具体的には、より短い指骨が、立脚期の関節安定性を維持するために使われる、指屈筋の機械的力と仕事量を減少させることで、移動のパフォーマンスを向上させるという仮説を検証するために、つま先長が正常な範囲内のヒトサンプルから収集した前足部の運動学的、動力学的データを用いる。

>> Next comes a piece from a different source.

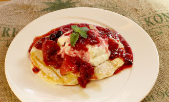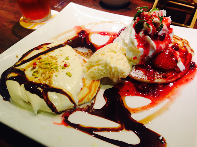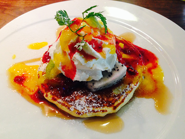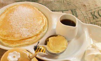 パンケーキはオリジナルバニラバターがついてくるプレーンもいいし、たっぷりトッピングが乗ってくるアレンジメニューもおすすめ。

toe function during stance in bipedal locomotion
歩行の立脚期は3つに分けられる:接地期(0-25%)、足底面が地面に接地する時期;立脚中期(25-65%)、身体重心が立脚足の上を通過する時期;推進期(65-100%)、中足骨頭と指骨に伴って踵離地が起きる時期。推進期では、反対足は地面に接地し、両脚支持期と言われている。ランニングも、立脚期は3つに分けられる。:接地期(0-20%)、立脚中期(20-45%)、推進期(45-100%)、しかし両脚支持期は存在しない。立脚期の間、重力と体節の加速度によってもたらされる地面反力(GRFs)の変化は足底とつま先に適用される。つま先は接地期と推進期の大きな負荷には耐えられない。だが、推進期では、中足骨頭と末節骨は地面との唯一の接点であり、負荷に耐えられるように変化する。歩行中、つま先は体重の30-40%を支えている。そしてほとんどが第一、第二、第三末節骨である。ランニングでは、体重の50-75%にもなる。

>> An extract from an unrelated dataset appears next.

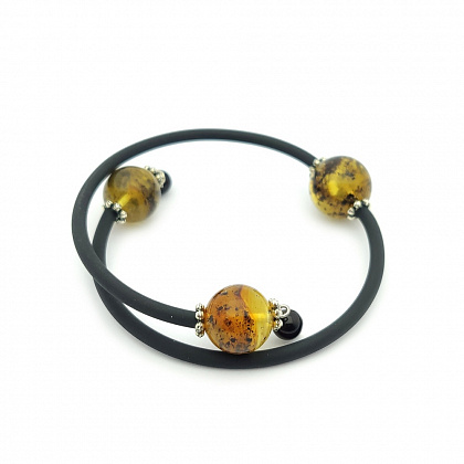 Браслеты кожаные и каучуковые с янтарем

身体を支えることと牽引を与えることに加え、つま先(特に指の屈筋群)は、推進期に置ける身体重心の前方への移動を助けている。推進期が始まると、足関節の底屈筋群と中足趾節(MTP)関節は、身体重心がこれらの前方へ移動することによって、受動的に伸展する。この時期に、’foward falling’の形として見られるように、身体は矢状面上で前方に投げ出される傾向がある。MTP関節において、末節骨に適用されるfoward fallingと地面反力負荷の複合的な影響は、これらの関節が伸展(hyperextension)に動き出す原因となる。しかしながら、筋電学的な研究は外在・内在の足指屈筋群は推進期の間、MTP関節に対する地面反力の伸展モーメントとバランスをとって、身体のforward fallingの制御に貢献するために、活動していることを示している。おそらく、伸張性収縮をしている屈筋群は、MTP関節の伸展の’ブレーキ’としての働きがある。立脚期の終わりに、特にランニングやスプリントで、屈筋群はより強力な挙上を生み出す足関節底屈筋群の活動もアシストするかもしれない。

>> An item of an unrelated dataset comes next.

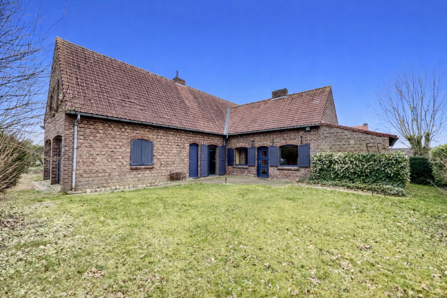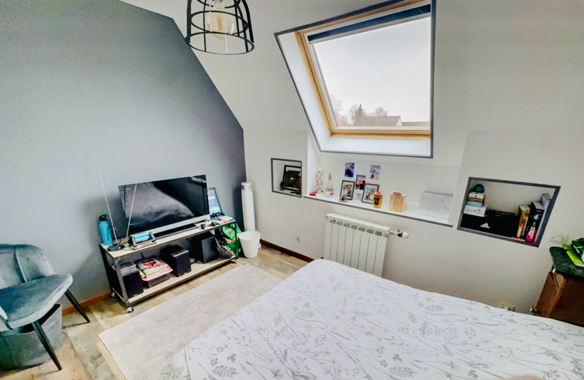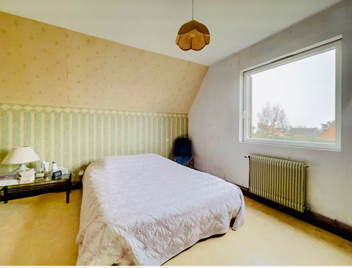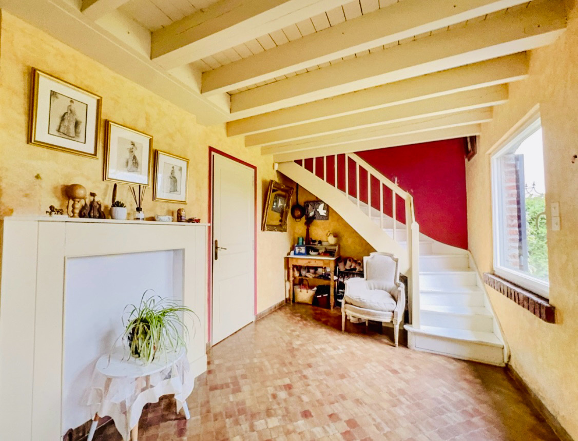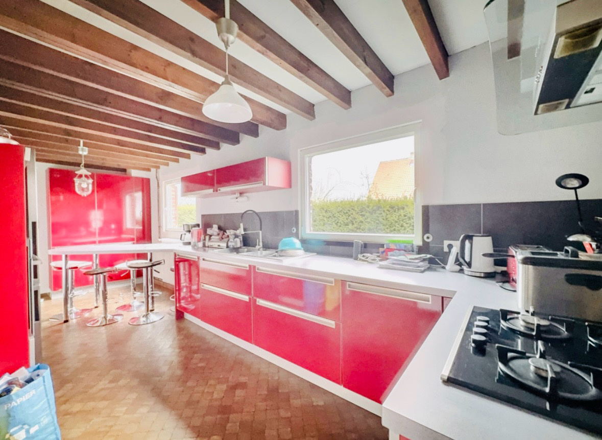 Cette maison individuelle au style flamand vous offre 170 m2 habitables se composant, d'un hall d'entrée, d'une pièce de vie avec insert bois, une cuisine équipée, une salle d'eau, une buanderie

the effects of longer toes on…
足指の骨格は、推進期の間、2つの重要な機能を提供している。:中足骨頭と末節骨はload bearing と牽引を提供する。ところが、指屈筋群はMTP関節を安定させ、身体重心の前方運動を制御している。これらの機能があるので、つま先長が移動のパフォーマンスに影響を及ぼすことが想像できる。つま先長が異なる以外は同一である二人の人物を挙げてみる(Fig.1)。二人は推進期に同じような地面反力波形を示す。つま先が長い人は大きなload-bearingエリアのために利益を得ないかもしれない。なぜなら、地面に対する通常の足の位置で、指骨の地面反力負荷は末節骨だけに適用されるからである。それと同時に、これらの負荷はMTP関節よりも先に適用されるので、より大きなMTP関節の伸展モーメントを生み出すことになる。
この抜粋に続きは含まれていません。